Women and men came from Uganda, Kenya, Tanzania, Ethiopia and the DRC for the second annual DfG Enterprise conference to sharpen sewing skills, tighten marketing plans, increase business skills, expand social media reach, and improve financial reports to ensure their DfG Enterprises are thriving within their communities.
The Days for Girls social enterprise approach supports local leaders who live in low-resourced communities to become agents of change by creating leadership opportunities in economic development and health education. Rather than being passive consumers, they step up to become leaders in the growing menstrual health and social business movement.

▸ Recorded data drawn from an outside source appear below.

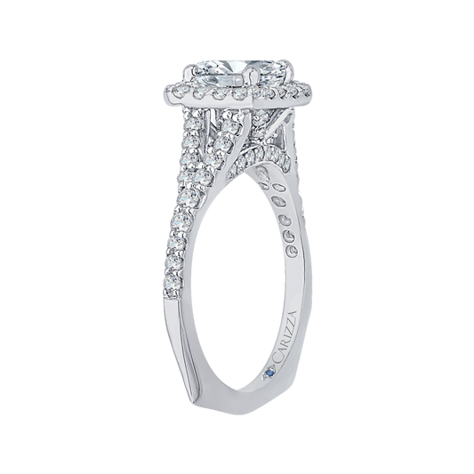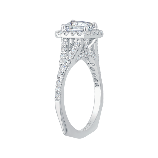 Split Shank Princess Cut Diamond Halo Engagement Ring in 14K White Gold (Semi-Mount)
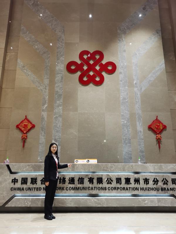 20196月畢業后進入廣東惠州聯通工作。目前實習期已滿開始輪崗見習,目標方向為云等新業務。從大山里走出的小姑娘從事著最前沿的通訊業務,開始為社會做貢獻啦!
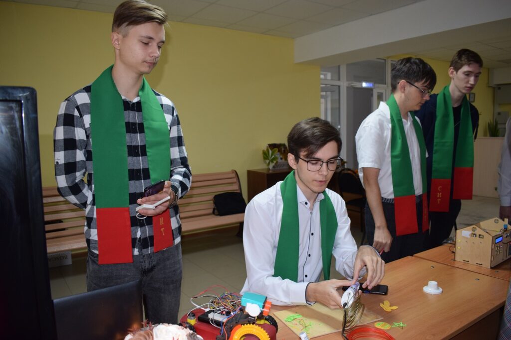Студенты разных специальностей демонстрируют гостям, чему они успели научиться. Будущие повара-кондитеры показывали искусство карвинга и приготовления самых вкусных пирожных. Соседние стенды привлекли неравнодушных к технике. Здесь всё показывали и обо всём рассказывали студенты, обучающиеся по специальности «Автоматизация производственных процессов и производств» с преподавателем Алексеем Ткаченко. В частности, продемонстрировали новое оборудование, поступившее в рамках нацпроекта «Образование» для открывшихся буквально за несколько дней до праздника мастерских для демоэкзамена по компетенции «Промышленная автоматика». А вот — уже собственноручно сконструированный студентами под руководством наставников программируемый мехатронный модуль для сортировки деталей.
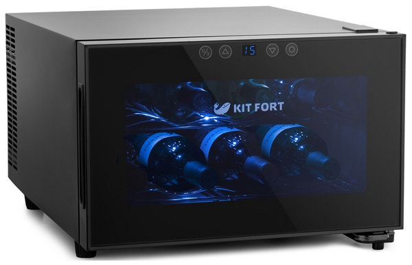 Винный шкаф Kitfort КТ-2403 - это холодильник для хранения вина в бутылках. В винном шкафу имеются восемь лотков для укладки бутылок, расположенных на двух полках. Дверца шкафа прозрачная, в ее верхней части расположена сенсорная панель управления со светодиодным дисплеем. Охлаждение производится при помощи термоэлементов Пельтье, поэтому в винном шкафу не используется никаких вредных хладагентов, а уровень шума меньше, чем у компрессорных холодильников, и отсутствуют вибрации. Рабочий температурный диапазон винного шкафа выставляется в пределах от 8 °С до 18 °С с шагом в 1 °С.
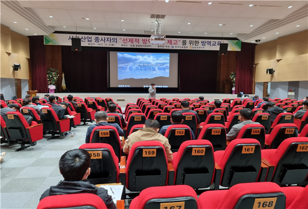 ▲ 사료산업 종사자들이 방역교육을 받고 있는 모습. 농협 제공 |
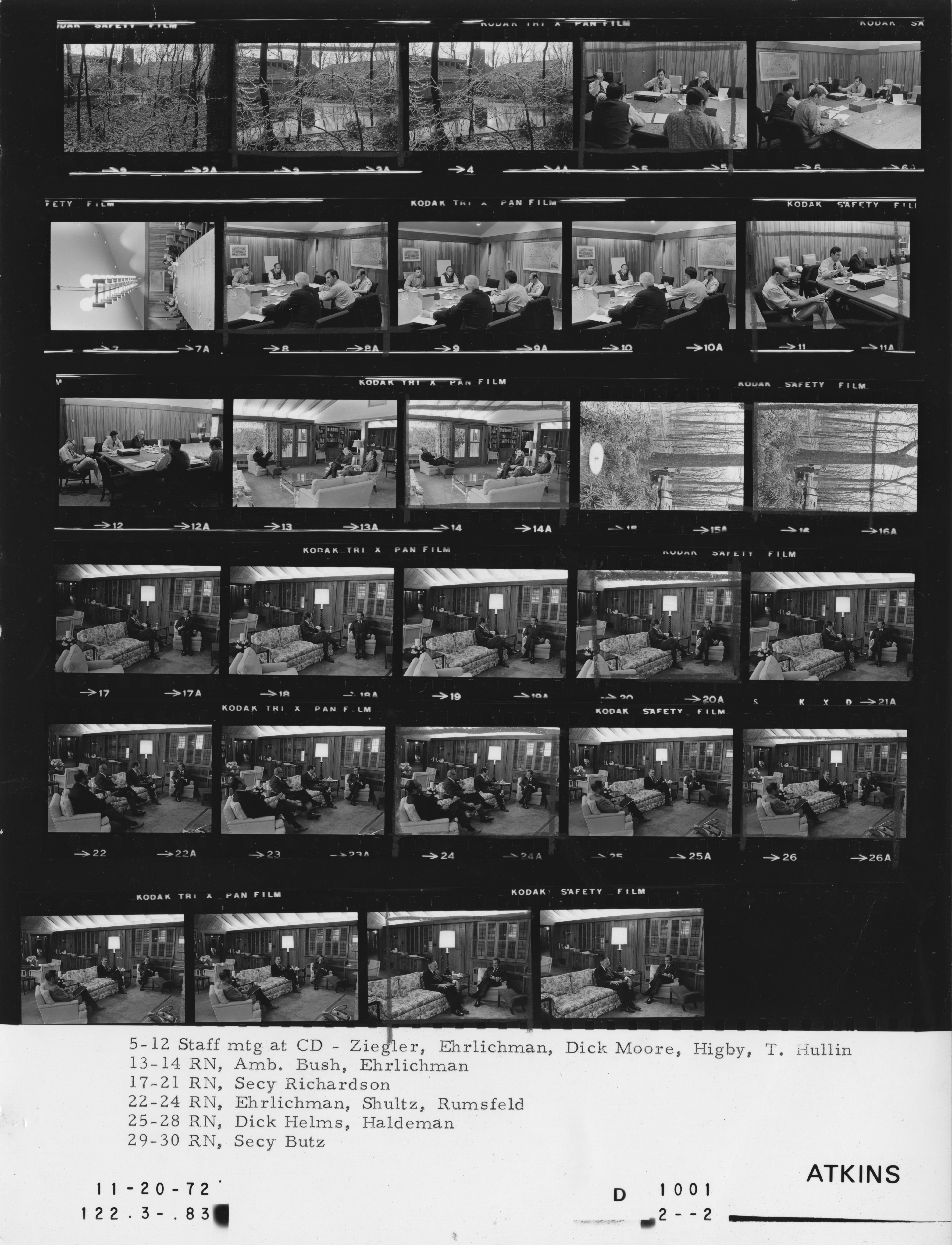 - Frame(s): WHPO-D1001-05-12, President Nixon and staff members during a meeting in the Aspen Lodge at Camp David. 11/20/1972, Camp David, Maryland Aspen Lodge, unidentified room. President Nixon, John Ehrlichman, George Bush, Elliott Richardson, Shultz, Rumsfeld, Richard Helms, Haldeman, Butz, unidentified uniformed man, Ronald Ziegler, Richard Moore, Larry Higby, Tom Hullin.
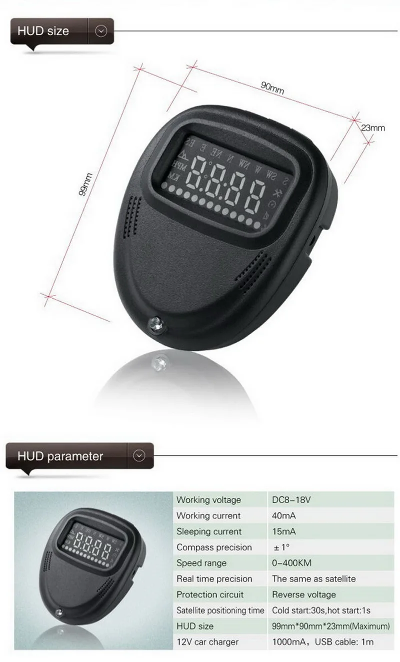 Спасибо за покупку нашего GPS HUD. Этот продукт предназначен для безопасности водителей, на высоких скоростях, особенно в высокоскоростном вождении в ночное время, чтобы избежать водителя, чтобы посмотреть на голову, чтобы смотреть на инструмент, и уменьшить автомобильную аварию. HUD в чрезвычайно критический момент отражает его Деликатный уход. HUD может проецировать важную информацию, отображаемую инструментом (например, скорость) на лобовое стекло, это может не только помочь определить скорость неопытного новичка, чтобы контролировать свою скорость и избежать многих ограничений скорости дороги из-за нарушения скорости. Что еще более важно, это позволяет водителю мгновенно считывать номер в большом видении и всегда заставлять водителей следить за дорогой в ясном уме.
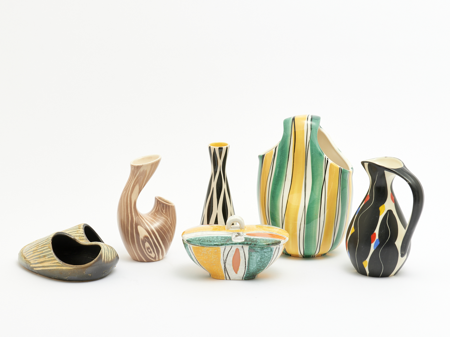 SIX RETRO ITALIAN AND GERMAN HAND PAINTED POTTERY VASES AND DISHES H.21CM (TALLEST), LEONARD JOEL LOCAL DELIVERY: MEDIUM
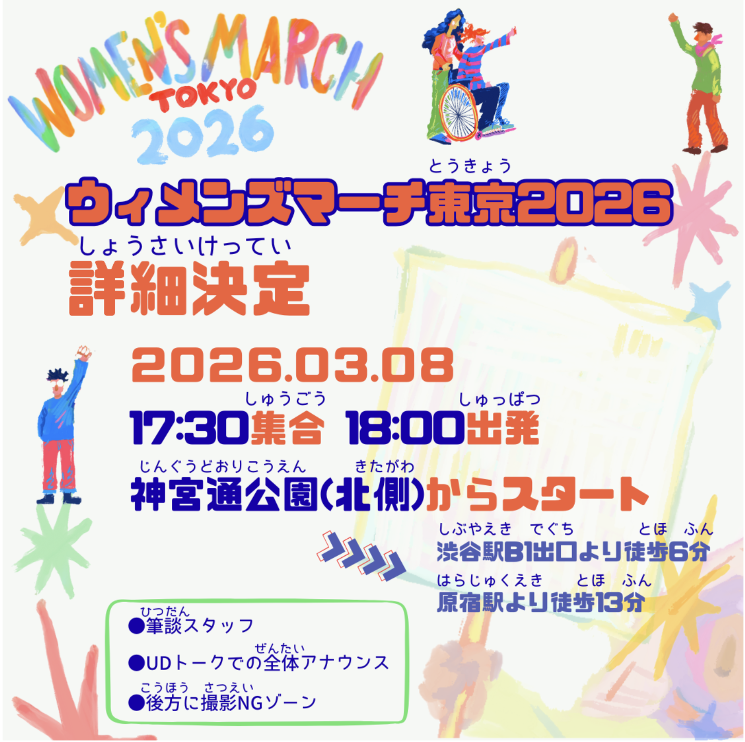 ※ウィメンズマーチ東京は、多様な参加者を歓迎します。すべての参加者が安心して歩けるよう、特定の個人やグループを差別・排除するような言動は認めません。このグランドルールを守っていただけない場合にはマーチに参加できません。
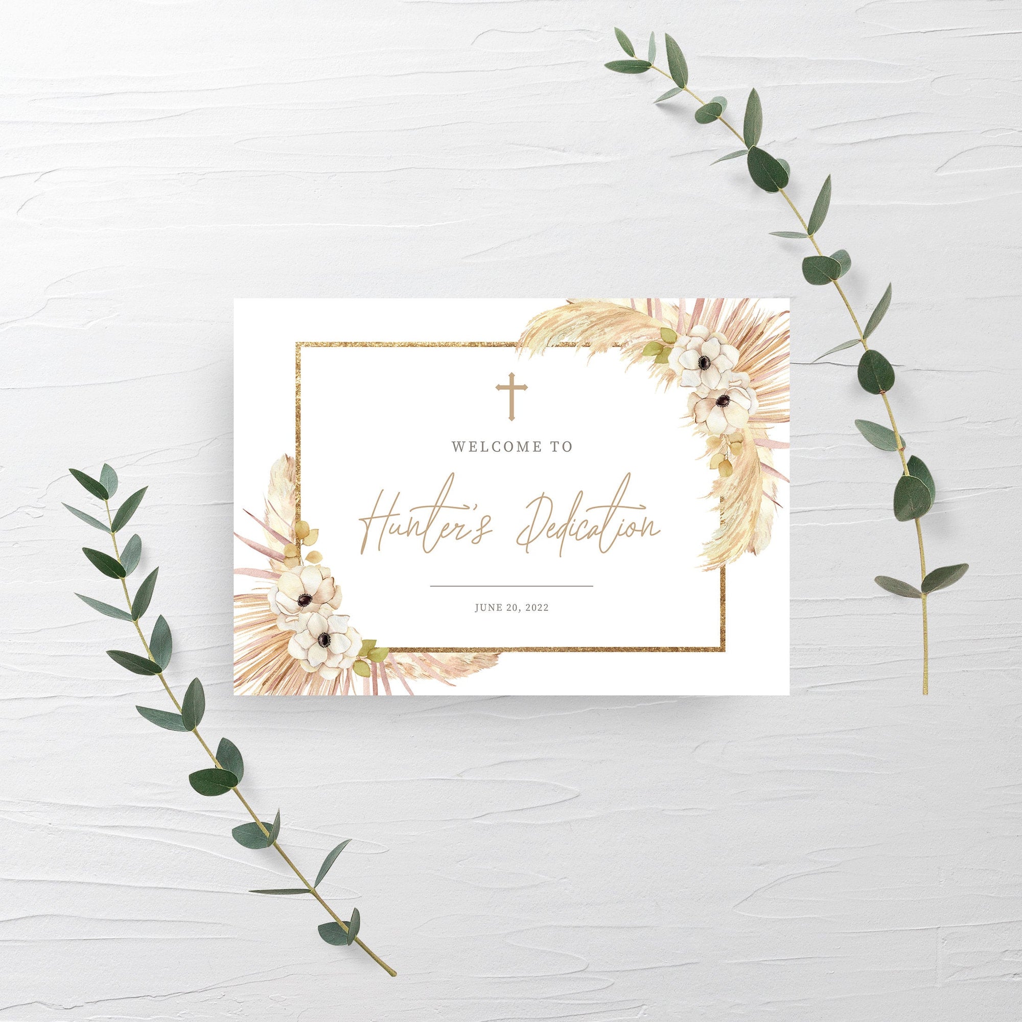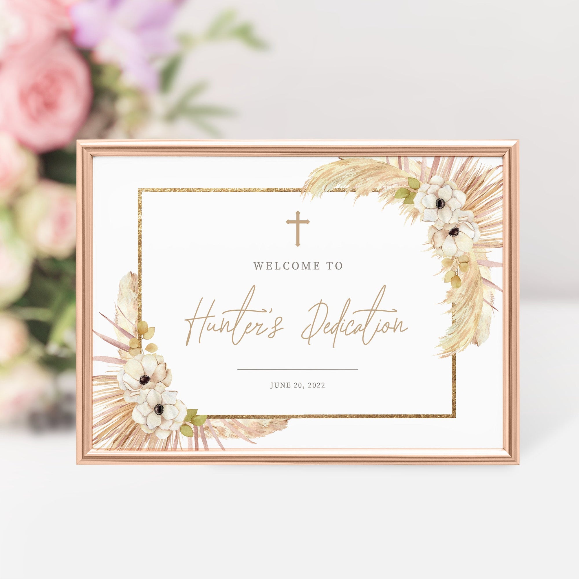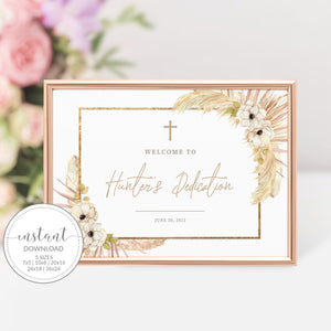 Desert Boho Baby Girl Dedication Welcome Sign Template, Printable Pampas Grass Large Welcome Sign, Editable INSTANT DOWNLOAD - DP100

Each workshop is designed to give local leaders the tools to drive community solutions. These leaders become both the creators and access points for MH products and MH education, as well as for bulk purchasers such as NGOs and schools. By empowering them to become educators, marketers and agents of behavioral change, they create a sustainable approach that meets MH needs in a way many current options do not.
Anna Okullo, an enterprise leader, grew up in Lira, Northern Uganda during Kony's Lord’s Resistance Army’s violent reign. At the conference she told how she fled with her family to Kampala where they lived in a refugee community. She met her husband there and was trained as a tailor. She often observed young girls walking home from school during the day with menstrual stains on their skirts. It made her wonder what she could do to help. When she learned about Days for Girls, she knew they had the answer she was looking for. After receiving training, she started her own DfG Enterprise and ultimately became a leader within her community to teach MH health and sell DfG Kits.
Anna joyfully expressed that she has seen the difference her Enterprise is making in her community, “…the girls absolutely love the DfG pads and are now able to succeed in school.” She is now making more money selling Days for Girls Kits than she made in her tailoring job.
By utilizing human centered design, the Days for Gir program allows for high levels of adaptability to meet local contexts and needs. At the conference, participants were reminded that Days for Girls programs are designed “by them, for them”, as the local leaders, to take over and self direct.
Each of the 158 participants who attended the conference is an engaged and active advocate for MH. With their leadership, their innovation for change, their MH education, their desire to ensure equality in menstrual health, and by providing one option to manage menstruation with a washable pad, they are turning periods into pathways.